Monthly Archives: February 2010

New DRM channel of Disco Music

I believe that it was the Amateur Radio newsline podcast which mentioned the following:

A Miami based Radio Station – The Disco Palace – has started broadcasting a DRM SW channel of ‘best of Disco music’ for listeners in Europe and North America.

via New DRM channel of Disco Music  :: DRM.

So, today I tuned in and recorded some of it using the SDR-IQ, and then processed it with GNU DREAM, the GPL’ed DRM decoder. The signal was very strong, no drop outs, and well, it’s disco. Here’s a couple minutes of the decode.

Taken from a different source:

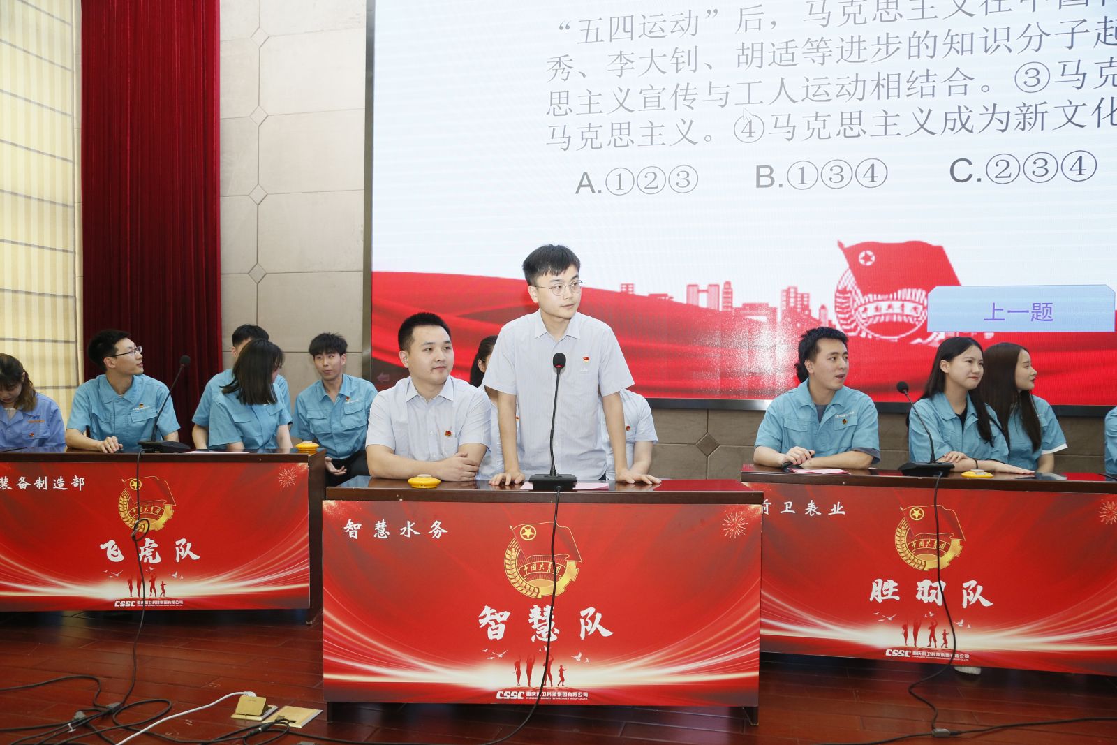 表彰會后,慶祝建團百年知識競賽火熱展開。來自各基層團組織的8支隊伍同場競技。最終,前衛(wèi)無線&工程事業(yè)部(聯(lián)隊)獲得一等獎,技術(shù)中心、職能部門獲得二等獎,前衛(wèi)表業(yè)、智慧水務、科凱前衛(wèi)獲得三等獎。

The Disco Palace broadcast using Digital Radio Mondiale on 17.755Mhz

Low Voltage Vacuum Tubes

As part of my delvings into things vacuum tubes, I of course found that many others have been down this road, including this rather interesting receiver built by Alan Yates. Being a novice at this, I was intrigued by the fact that his circuit used the 12DZ6 tube, which could apparently be powered by ordinary 12 volt supplies. Its application was in automobile radio circuits, where high voltages were inconvenient (when needed, they were often generated by “vibrators”, which created an AC voltage from a DC battery voltage, which could then be stepped-up by a transformer). When I mentioned this to Tom, he thought (as I did) that it was odd, and that he didn’t understand how tubes could operate with such low plate voltages. But of course, if you search, you shall find, so I uncovered this terrific page that describes some theory and circuits that use these low voltage (and presumably safer) tubes in radio circuits. Nifty.

Low Voltage Tubes

Tubes? Who uses tubes anymore?

For the last week, I’ve been embarking on a ham radio “trip down memory lane”. Well, it would be memory lane if I had any real memories of the tube-based equipment that were staples of the ham shack until probably the 1970’s or so. But if I have a personal philosophy of my little projects, it’s that one has to look back to gain perspective about our current technology. Or something like that. Perhaps that’s just a rationalization for spending time reading old books about vacuum tube design. Or perhaps this is all motivated by the idea of building a radio that glows from scratch. Or, perhaps to demonstrate that I understand the similarities between tubes and FETs.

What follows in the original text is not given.